If you think you’ve given praise that was Ruinously Empathetic, check out these tips for moving towards Radical Candor!

Praise Specifically

Just saying “good job” is not helpful, and saying, “you are great” can actually be counterproductive. If somebody has rated your praise as Ruinously Empathetic, you’re not challenging them enough. Try being specific enough to show how to build on the success.

Your job is not to be a cheerleader

It’s to offer praise that shows exactly what was great to help people know what to do more of. Focus on what specifically you admired about the work, not on trying to make people “feel good.” Don’t say, “You did great, you should feel happy!” Instead, say, “Your idea increased efficiency 45% by eliminating the grunt work we all hated to do. Your idea not only improved profits, it made our jobs more interesting. Here’s how to build on it.”

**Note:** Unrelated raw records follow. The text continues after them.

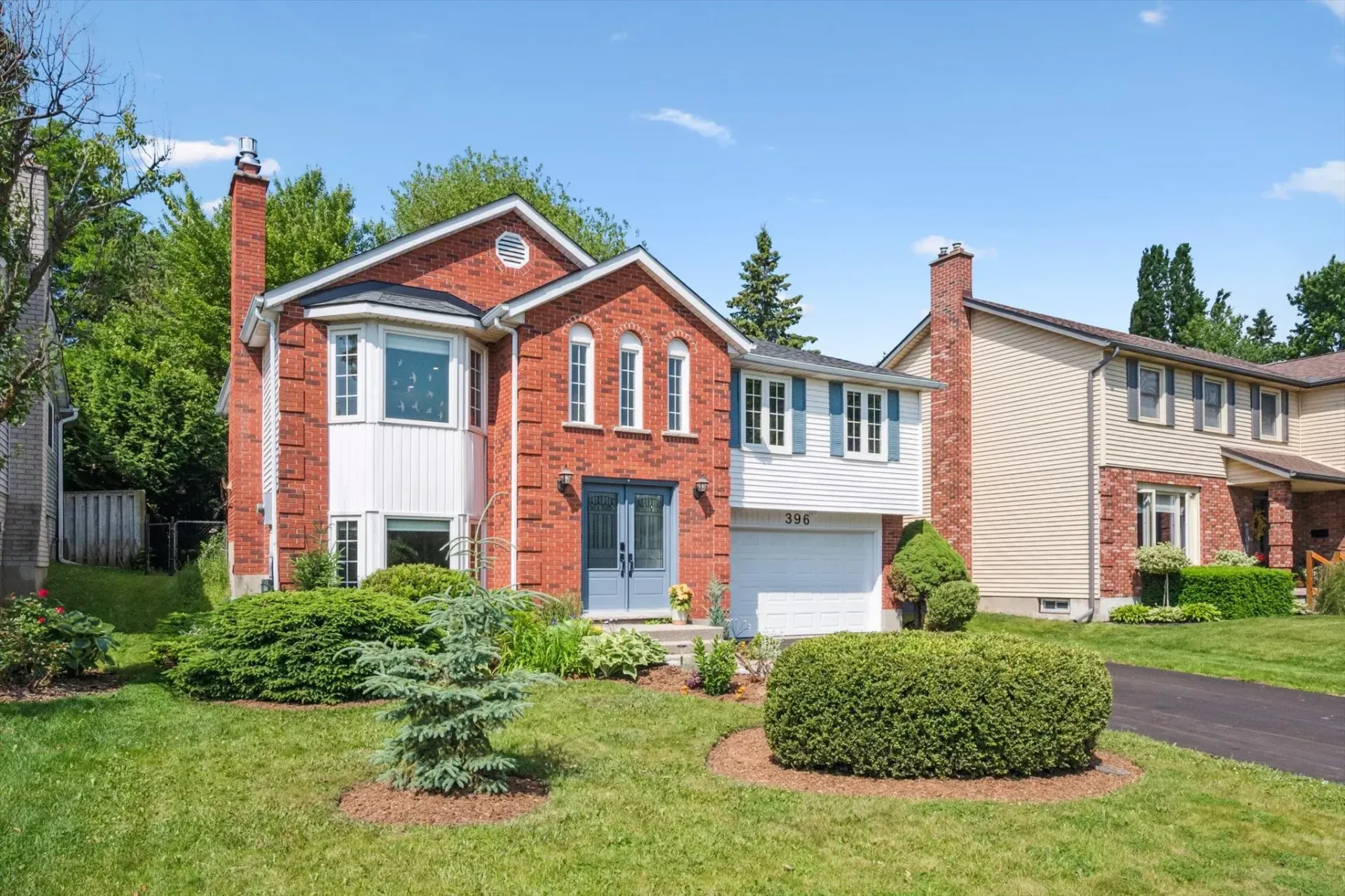 Tucked away on a quiet street in Guelph’s established south end, 396 Ironwood Road is a thoughtfully updated raised bungalow that effortlessly combines comfort and style. The open-concept main floor welcomes you with gleaming refinished hardwood, anchored by a beautifully renovated kitchen featuring a granite island, tile backsplash, and abundant cabinetry. A wood-burning fireplace creates a cozy atmosphere in the living room, with sliding doors leading to a private rear deck - perfect for summer dining or relaxing in the shade. The primary bedroom comfortably fits a king-sized bed and boasts a modern ensuite, while two additional well-sized bedrooms share a sleek main bath. Downstairs, the finished lower level offers a gas fireplace in the family room, a fourth bedroom, and a tastefully updated bathroom and laundry area with new appliances and walkout access to the backyard. This move-in ready home also includes a double car garage, newer furnace and A/C, and a newly resurfaced driveway, blending quality finishes with everyday convenience in a location ideal for growing families.
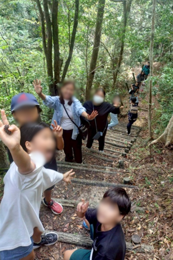 当日は、県民の森での山歩きやバーベキュー、ホテルでのハーリー船体験など、自然や海に触れる多様なプログラムを実施しました。3世帯11名が参加し、1歳から14歳までの子どもたちが、それぞれのペースで体験に向き合う姿が見られました。
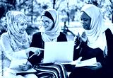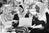 Group of islamic friends discussing and working together
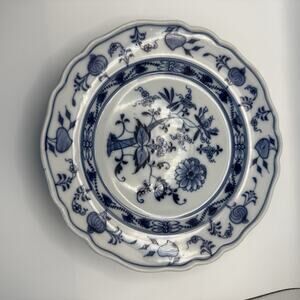 Set of 2 Antique Meissen Blue & White Blue Onion Print Plates 9.5”

The more specific you can be about what you admire and why, the less likely your praise is to sound patronizing.

Vague praise like “good job” can sound arrogant. Stating “good job” implies you think you are the arbiter of what’s good and what’s not. Try saying “I admire the way you ___” Owning your opinions and explaining specifically why you think what you think demonstrates humility.

You won’t forget the details if you praise right away

The faster you praise something great after you see it, the easier it is to be specific enough for the praise to have real meaning.

Praise in person so you can notice if the person is brushing it off as meaningless

If so, get more specific. Usually, the praise will have more meaning. Sometimes, you’ll learn that you’re praising the wrong thing or the wrong person…

When praising publicly, the goal is both recognition AND learning

Be specific about what the person did, the impact, and the context so that the whole team learns. Don’t say, “Sal did a great job.” Instead say, “Sal came up with the idea for X and then got budget for it. As a result, you are all 85% more efficient. That means less grunt work and more time for cool projects for everyone. Thank you Sal!”

For the same reason you wouldn’t say, “You’re a dumbass!” don’t say, “You’re a genius!”

Instead be specific about what was good, why, and how to build on it. The reward for good work is more good work, not a pat on the shoulder.